Scroll down to see how people across America voted.

In an age of social media compromised of followers, likes, comments, etc., the numbers for those categories carry a certain weight from person to person, with some not caring at all to some making it their living to get more and more.

For some celebrities, social media followers and likes could represent status or how much their brand is worth. In turn, this could ultimately lead to more lucrative benefits since the more followers they have means the wider audience they have a capability of reaching, or does it?

In recent news, the Institute of Contemporary Music Performance centered in London analyzed and released a report of listing 98 celebrities with the most fake followers on their Instagram and Twitter accounts. According to the list, there is quite a few notable celebrities that have a significant percentage of bots make up their total follower count.

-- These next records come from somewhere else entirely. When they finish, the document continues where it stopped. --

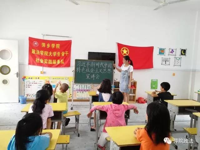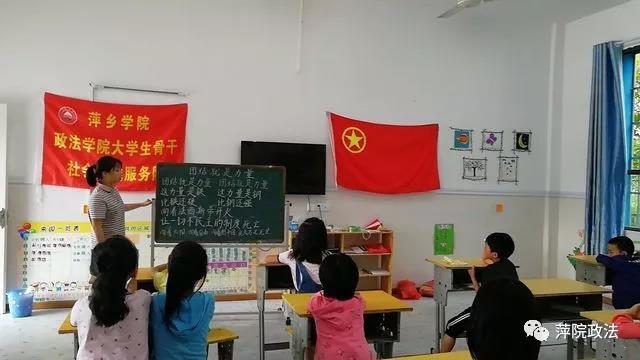 支教方面,课程内容为体育课、习近平新时代中国特色社会主义思想宣讲会和红歌教唱。体育课上,老师组织了小朋友们玩红绿灯,报团,抢凳子,正话反说,脑筋急转弯等游戏,课余时间还给女孩们带来了芭蕾舞教学。下午,老师先教小朋友们学习习近平新时代中国特色社会主义思想,然后进行了《团结就是力量》和《打靶归来》这两首红歌的教唱,课堂气氛十分活跃。
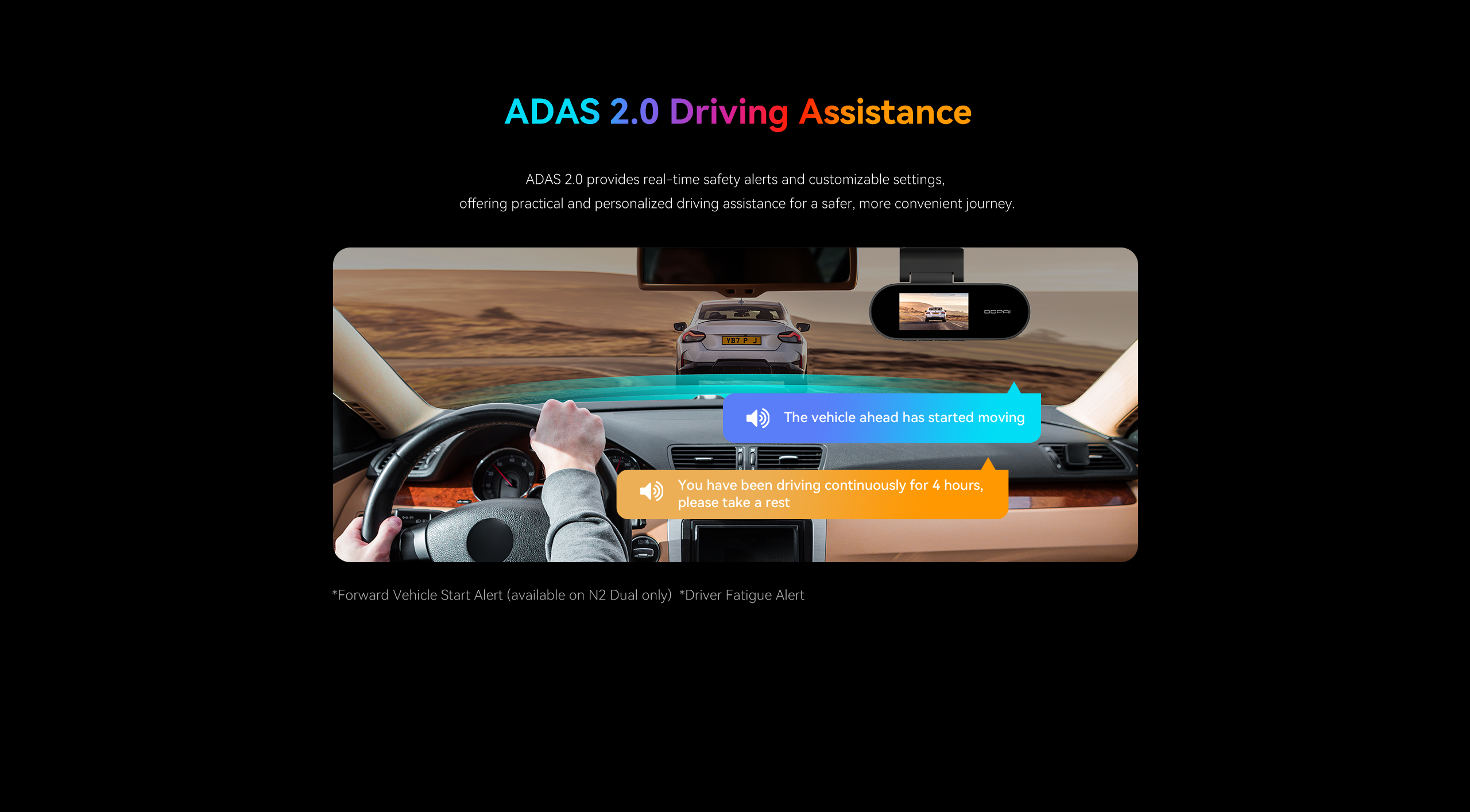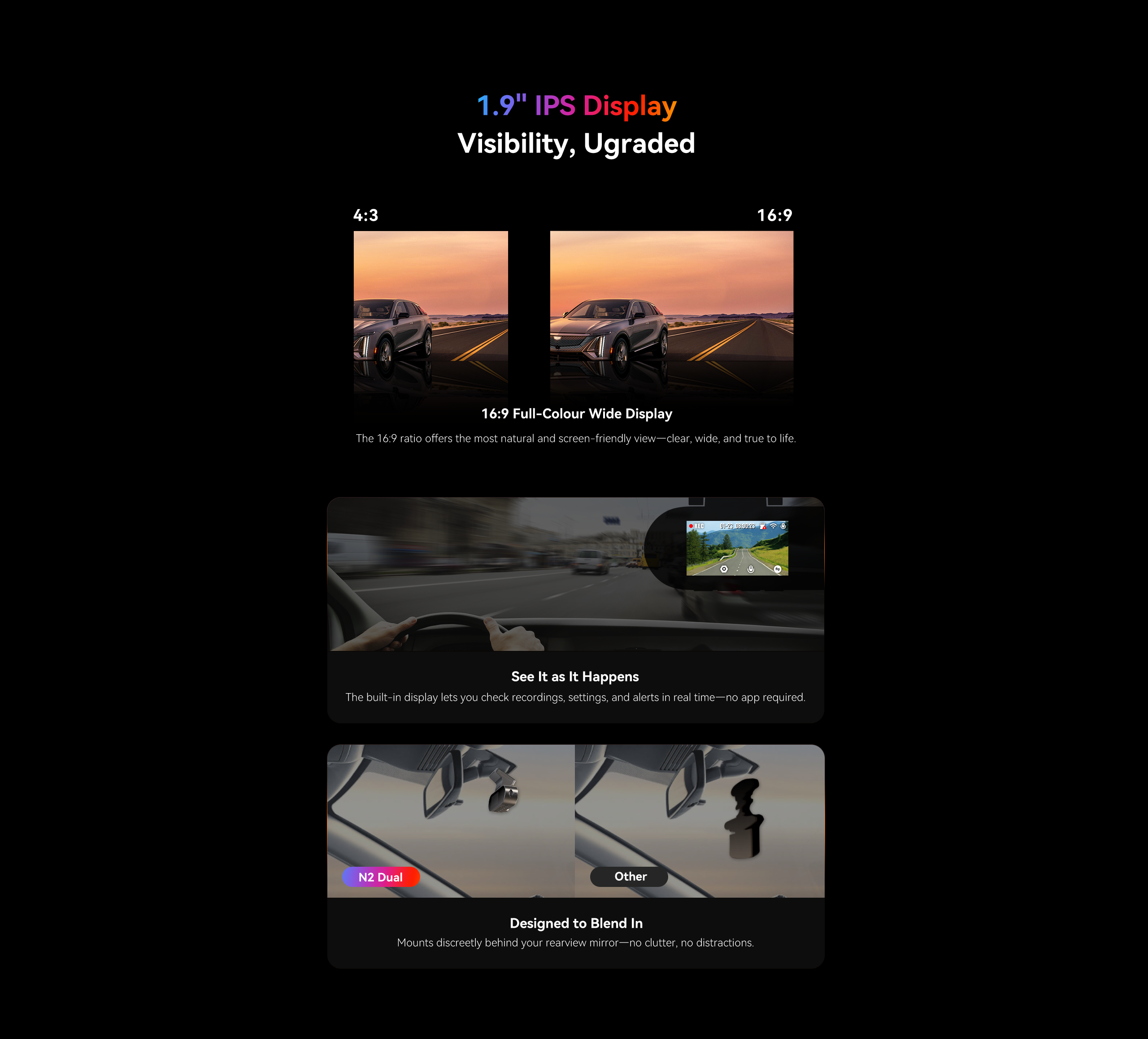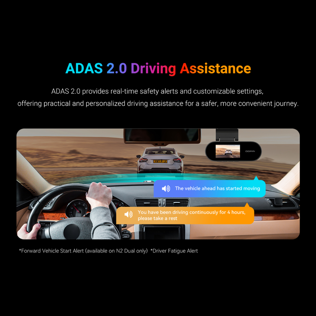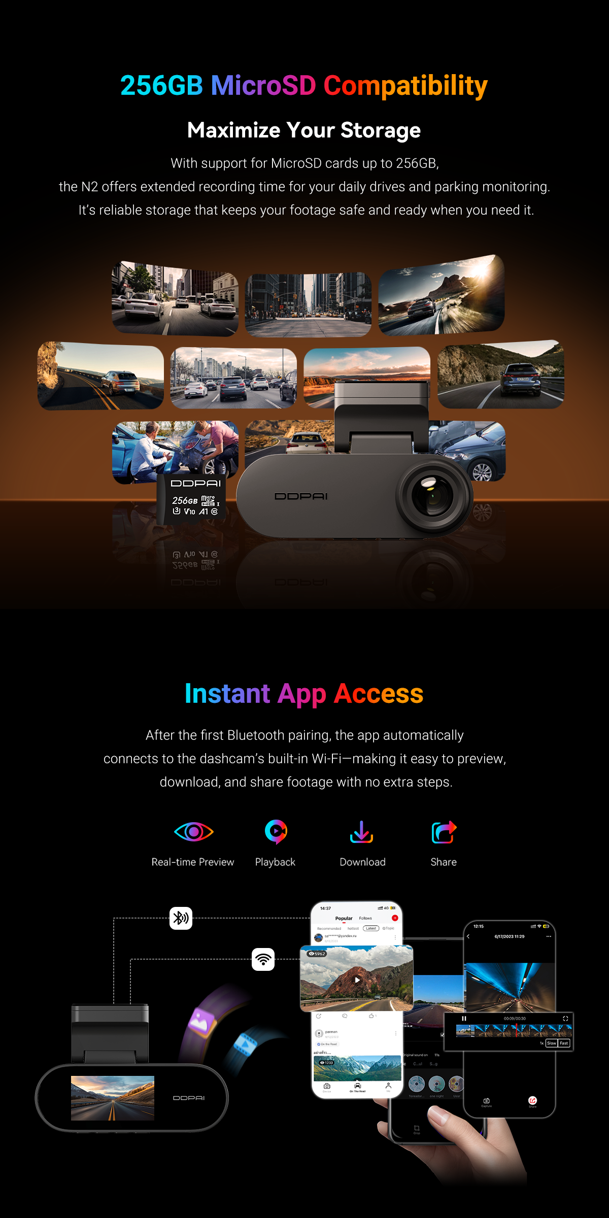 DDPAI N2 Dual records in crisp 2K QHD camera. It also comes with NightVIS 2.0 technology and AI-powered image processing. To bring next-level convenience, the new-gen N2 Dual is also paired with a 1.9” screen for on-device viewing.
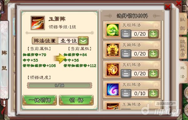 当我们获得阵法之后,便可以通过“阵法系统”进行激活使用,会为人物角色以及符印带来提升属性的能力。不过刚刚激活的阵法所带来的提升并不理想,此时我们便可通过类似“养成”的方式来不断提高阵法效果。
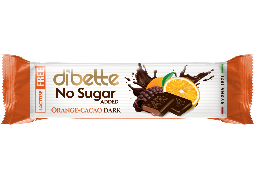 DIBETTE NSA Narancs ízű kakaós krémmel töltött étcsokoládé szelet hozzáadott cukor nélkül, édesítőszerekkel, 22 g Laktózmentes
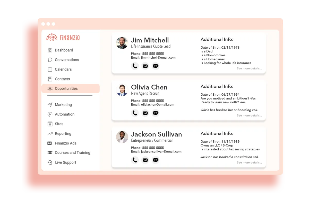 Finanzio specializes in lead generation for insurance agents and other financial professionals. Our mission is to facilitate your business growth by providing you with a continuous flow of highly qualified potential clients.
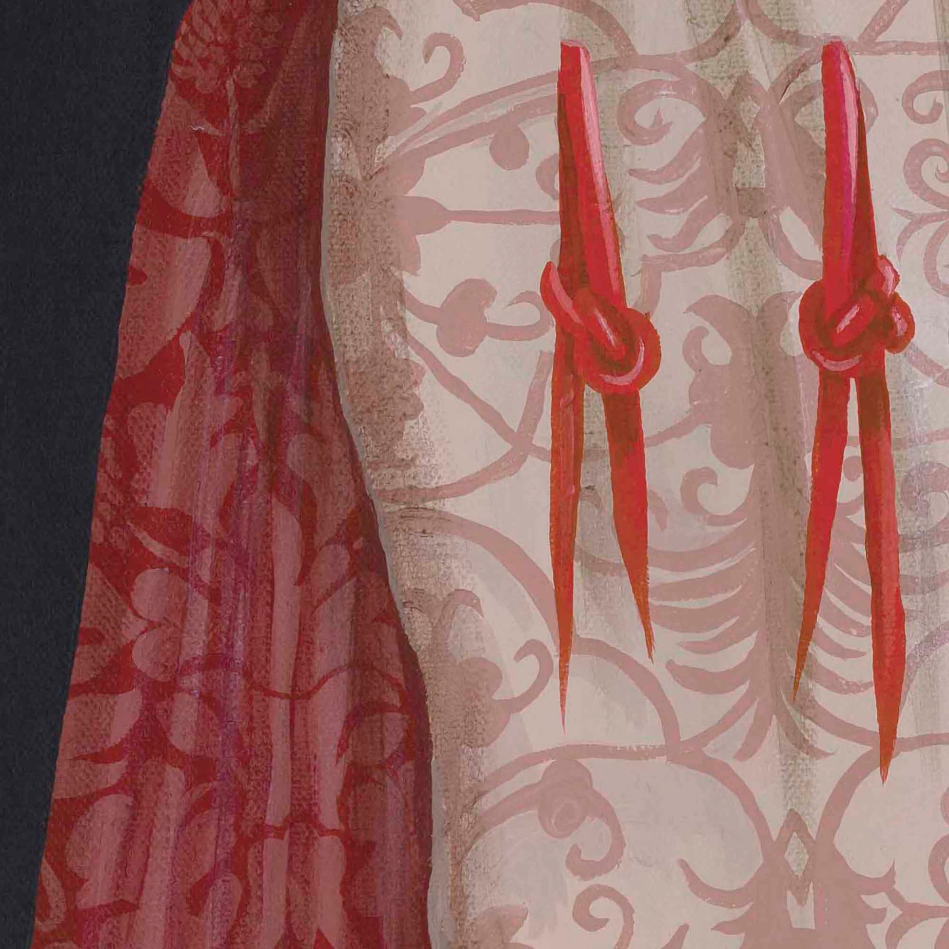 The work consists of two individual paintings conceived as a single piece and sold together. Shown in profile and facing one another, the paired geese present an outward sense of union and harmony, while subtle details in their dress and posture suggest a more complicated reality beneath the surface. Decorative pattern and symbolic motifs draw on medieval visual language, where clothing and adornment conveyed status, fortune, and fate.
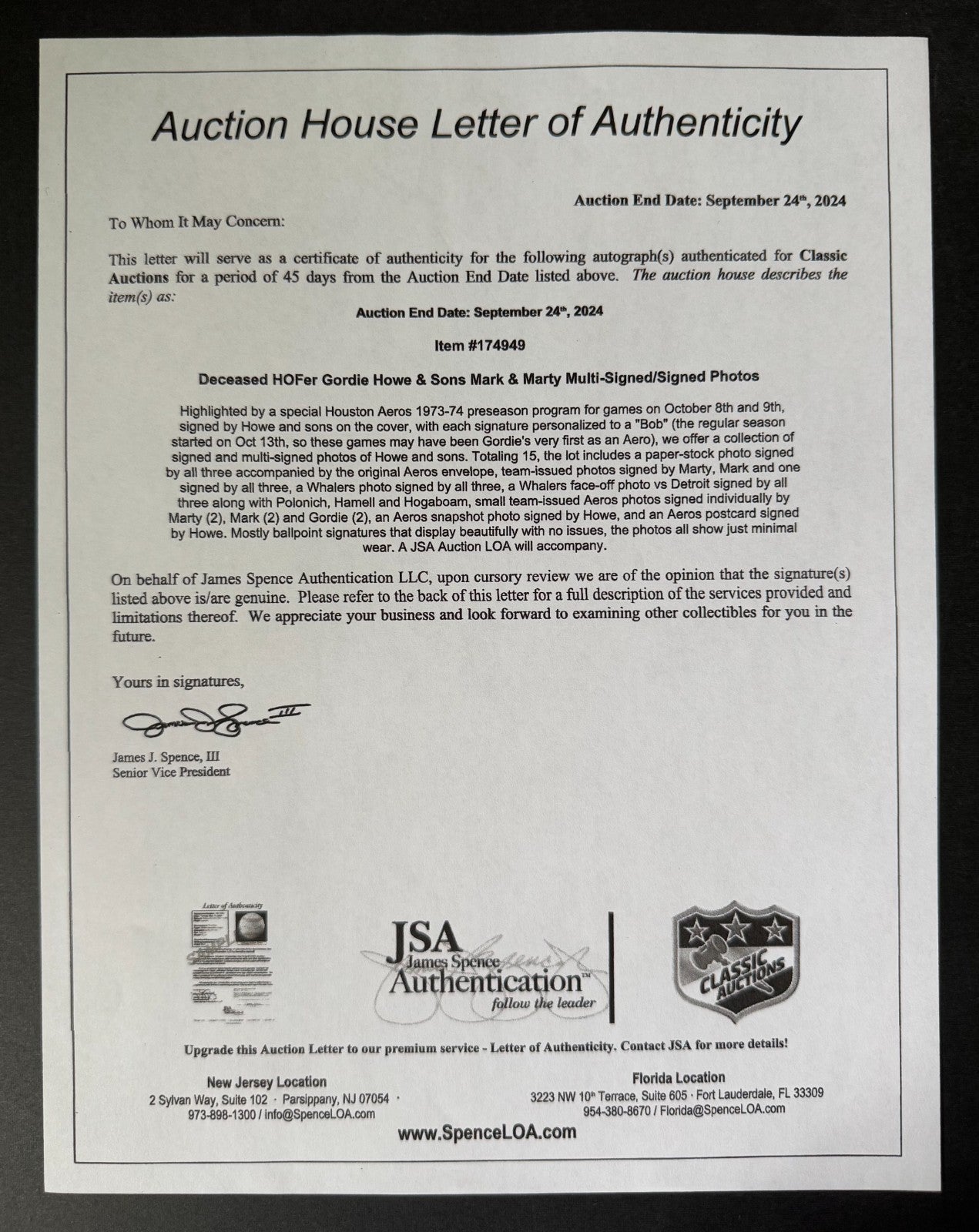 Circa 1974 Houston Aeros Gordie Howe Signed Polaroid LOA Rejean Hoyle WHA Hockey
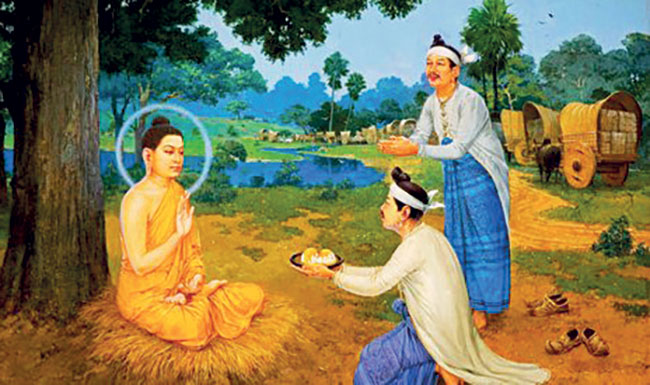 There are two accounts of what the Buddha ate just before or just after his awakening. According to the first of these, a young woman named Sujata saw Gotama sitting at the foot of the Bodhi Tree and thinking that maybe he was a tree deva or some other kind of divine being, rushed home to prepare an offering for him. As everyone knows, the dish she prepared was milk rice. Most Sinhalese assume that what they call kiribath cooked in coconut milk is the same as the dish Sujata offered to the Buddha. This is not correct.
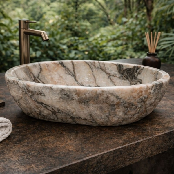 Lavoarul pe blat VELORE este conceput pentru spații în care materialul natural devine element central de design. Forma sa organică pune în valoare structura marmurei și creează un impact vizual autentic, cu aspect sculptural și expresiv.
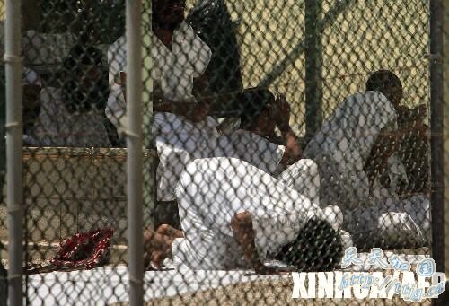资料图片:这张拍摄于2006年4月6日的资料照片显示,被关押在关塔那摩德尔塔营的囚犯在做祈祷。 新华社/法新
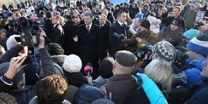 Во время возложения цветов родственники погибших майдановцев скандировали "Позор Порошенко" и "Где звания героев". После того, как Президент уехал, люди начали петь Гимн Украины.
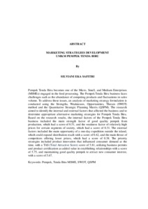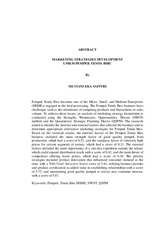 Pempek Tenda Biru becomes one of the Micro, Small, and Medium Enterprises (MSMEs) engaged in the food processing. The Pempek Tenda Biru business faces challenges such as the abundance of competing products and fluctuations in sales volume. To address these issues, an analysis of marketing strategy formulation is conducted using the Strengths, Weaknesses, Opportunities, Threats (SWOT) method and the Quantitative Strategic Planning Matrix (QSPM). The research aimed to identify the internal and external factors that affected the business and to determine appropriate alternative marketing strategies for Pempek Tenda Biru. Based on the research results, the internal factors of the Pempek Tenda Biru business included the main strength factor of good quality pempek from production, which had a score of 0.51, and the weakness factor of relatively high prices for certain segments of society, which had a score of 0.31. The external factors included the main opportunity of a one-day expedition outside the island, which could expand distribution reach with a score of 0.42, and the main threat of competitors offering lower prices, which had a score of 0.38. The priority strategies included product innovation that influenced consumer demand at the time, with a TAS (Total Attractive Score) score of 5.81, utilizing business permits and product certification as added value in establishing relationships with a score of 5.75, and maintaining good quality pempek to attract new consumer interest, with a score of 5.67. Keywords: Pempek, Tenda Biru MSME, SWOT, QSPM Pempek Tenda Biru menjadi salah satu Usaha, Mikro, Kecil, dan Menengah (UMKM) yang bergerak di industri pengolahan. Usaha Pempek Tenda Biru menghadapi tantangan seperti banyaknya produk pesaing sejenis, dan fluktuasi volume penjualan. Upaya mengatasi permasalahan tersebut, dilakukan analisis perumusan strategi pemasaran dengan menggunakan metode Strengths, Weaknesses, Opportunities, Threats (SWOT) dan Quantitative Strategic Planning Matrix (QSPM). Penelitian bertujuan untuk mengidentifikasi faktor-faktor internal dan eksternal yang mempengaruhi usaha dan menentukan alternatif strategi pemasaran yang tepat pada usaha Pempek Tenda Biru. Berdasarkan hasil penelitian didapatkan faktor internal usaha produk pempek tenda biru yaitu faktor kekuatan utama kualitas pempek yang baik dari hasil produksi dengan skor sebesar 0,51, dan faktor kelemahan harga yang relatif mahal bagi beberapa kalangan masyarakat dengan skor 0,31. Faktor eksternal yaitu peluang utama ekspedisi keluar pulau dalam satu hari dapat memperluas jangkauan distribusi dengan skor 0,42 dan ancaman utama harga yang ditawarkan kompetitor lebih murah dengan skor 0,38. Prioritas strategi yaitu melakukan inovasi produk yang mempengaruhi permintaan konsumen terkini dengan skor TAS (Total Attractive Score) 5,81, pemanfaatan izin usaha dan sertifikasi produk sebagai nilai tambah dalam menjalin dengan nilai 5,75, dan mempertahankan kualitas pempek yang baik untuk menarik minat konsumen baru 5,67. Kata kunci: SWOT, Pempek, UMKM Pempek Tenda Biru, QSPM.
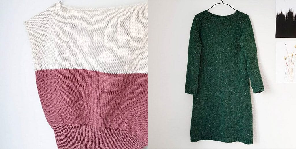 Det står mellom Dagnykjolen og Perfekt Ribbegenser, begge i favorittgarnet Pickles Merino Tweed. En ullkjole er jo egentlig bare en kjempeullgenser som tilfeldigvis ser fjong ut, det blir ikke bedre en det! Topp Notch har også fått masse bruk, til alle sesonger.

Surprisingly, the celebrity with the most fake followers, ignoring athletes, turned out to be talk show host, producer, and comedian Ellen DeGeneres with a majority of her followers on Instagram, 58%, being bots bringing her total percentage of fake followers up to 49% across Twitter and Instagram.  With about 150 million followers across both platforms, that means that an eye-opening 75 million of those are actually bots instead of real fans.

According to the ICMP, the top five celebs with the highest percentage of fake followers on Instagram, in order, are Ellen, Katy Perry, Taylor Swift, Kourtney Kardashian, and K-pop band BTS. On Twitter, only one of those remain with BTS at the top followed by Ariana Grande, Priyanka Chopra, Mackenzie Foy, and Kylie Jenner taking the fifth spot.

So, is this evidence of foul play from celebrities? According to the New York Post, some have accused celebrities of hiring external services to boost their number of followers with the use of bots, while celebs insist that they had no idea or intention of those bots being there.

The first began to become a widely criticized issue when Twitter decided to purge bots on their platform in order to get rid of the ones spewing hate speech and political misinformation. Some people took notice in a drop in their followers including the President Trump who directed his grievances over this to Jack Dorsey, CEO of Twitter, who pointed towards the bot purge as a cause.

So, there’s plenty of notable celebrities with their share of bots compromising a part of their followers and with a crackdown on bots across platforms, we will have to wait and see what happens next.


Here’s how people on the Zip app are weighing in on this all over the country!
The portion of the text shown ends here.